Mapletree Logistics Trust's property occupancy edged up to 96.4%
Thanks to higher take-up in Singapore, Hong Kong, China, Malaysia.
Mapletree Logistics Trust’s gross revenue in 2QFY17 was up 4.7% YoY to S$91.6m, underpinned by contributions from acquisitions and completed redevelopment projects, but partially offset by lower revenue from Singapore, China and South Korea.
Looking ahead, however, OCBC Investment Research notes that management expects the leasing environment to remain challenging, especially for several of its single user assets. This is driven by muted global economic conditions which have impacted business and consumer sentiment.

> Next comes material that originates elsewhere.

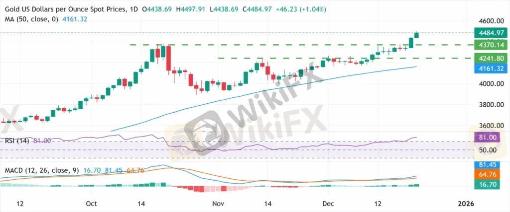 隔夜突破 $4,375-4,380关口(前期历史最高点)并随后突破 $4,400关口,被视为 XAU/美元多头的新触发点。50 日均线稳步攀升,进一步彰显了坚挺的上升趋势。价格维持在均线上方,目前位于 $4,160 附近,这应成为动态支撑。MACD 线延伸至信号线上方,位于正区域,表明看涨势头增强。不过,RSI 指数为 81(超买),可能会限制涨幅,促使近期暂停。

2Q DPU came in flat YoY at 1.86 S cents. On a 1HFY17 basis, gross revenue rose 5.0% to $181.1m. DPU of 3.71 S cents was similar to 1HFY16
Operationally, MLT managed to improve its occupancy from 95.4% (as at 30 Jun 2016) to 96.4% as a result of higher take-up in Singapore, Hong Kong, China and Malaysia. Only South Korea registered a weaker occupancy.
Positive rental reversions of 2% were achieved, and this was largely contributed by Singapore, Hong Kong and South Korea.
MLT has 10.1% of its NLA which is expiring for the remainder of FY17, of which 4.1% is for single user assets and 6.0% is for multi-tenanted buildings.